The task: Below are some records. Retype exactly the lines from the one containing "Sähköä tulee menemään" through the one containing "PRODUCT DETAILS - Corneliani", both included, skipping every picture.

Dataset entries:
━━━━━━━━━━

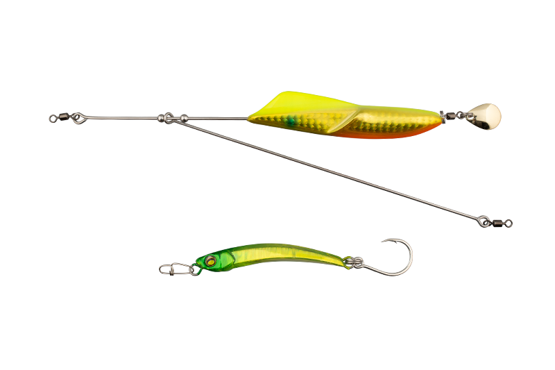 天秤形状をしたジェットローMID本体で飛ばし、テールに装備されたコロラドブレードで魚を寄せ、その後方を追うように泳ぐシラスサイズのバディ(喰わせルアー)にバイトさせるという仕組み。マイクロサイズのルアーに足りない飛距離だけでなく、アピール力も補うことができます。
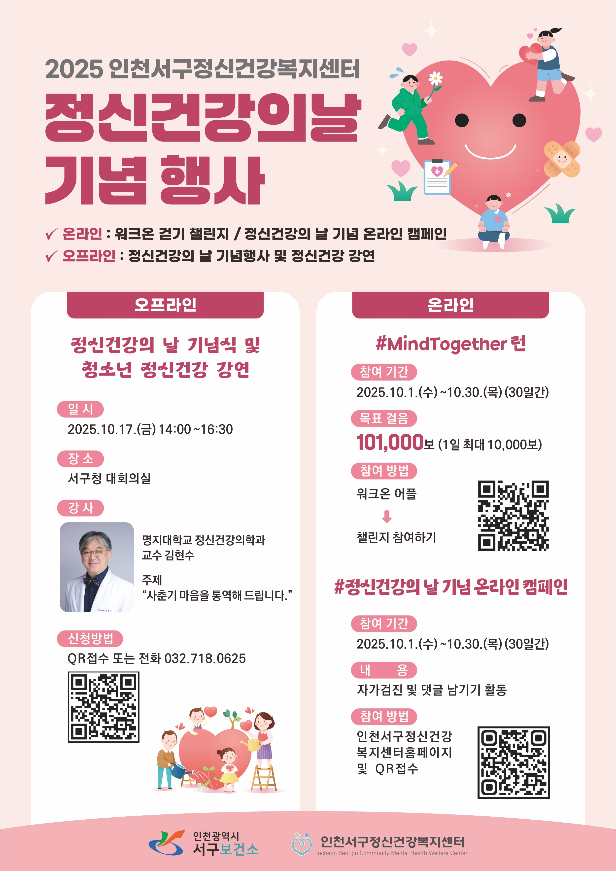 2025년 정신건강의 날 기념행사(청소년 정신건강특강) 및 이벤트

━━━━━━━━━━

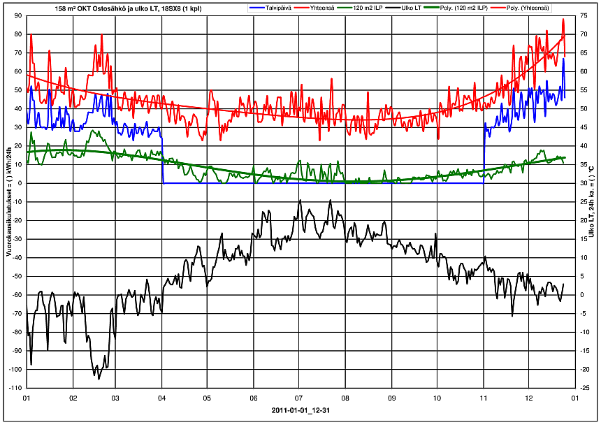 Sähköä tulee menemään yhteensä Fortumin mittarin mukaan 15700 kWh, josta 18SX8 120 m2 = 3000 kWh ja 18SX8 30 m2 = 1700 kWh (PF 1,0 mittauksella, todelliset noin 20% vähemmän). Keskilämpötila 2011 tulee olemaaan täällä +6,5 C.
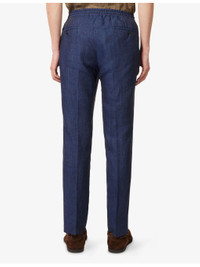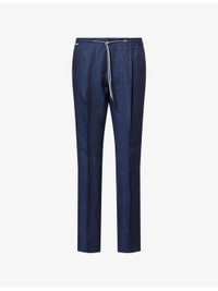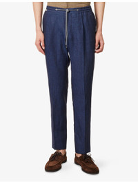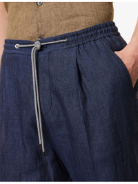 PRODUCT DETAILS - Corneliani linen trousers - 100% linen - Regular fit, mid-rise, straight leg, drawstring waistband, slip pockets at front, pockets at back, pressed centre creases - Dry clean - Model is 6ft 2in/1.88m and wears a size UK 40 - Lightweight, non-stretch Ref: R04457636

━━━━━━━━━━

Your solution:
 Sähköä tulee menemään yhteensä Fortumin mittarin mukaan 15700 kWh, josta 18SX8 120 m2 = 3000 kWh ja 18SX8 30 m2 = 1700 kWh (PF 1,0 mittauksella, todelliset noin 20% vähemmän). Keskilämpötila 2011 tulee olemaaan täällä +6,5 C.
 PRODUCT DETAILS - Corneliani linen trousers - 100% linen - Regular fit, mid-rise, straight leg, drawstring waistband, slip pockets at front, pockets at back, pressed centre creases - Dry clean - Model is 6ft 2in/1.88m and wears a size UK 40 - Lightweight, non-stretch Ref: R04457636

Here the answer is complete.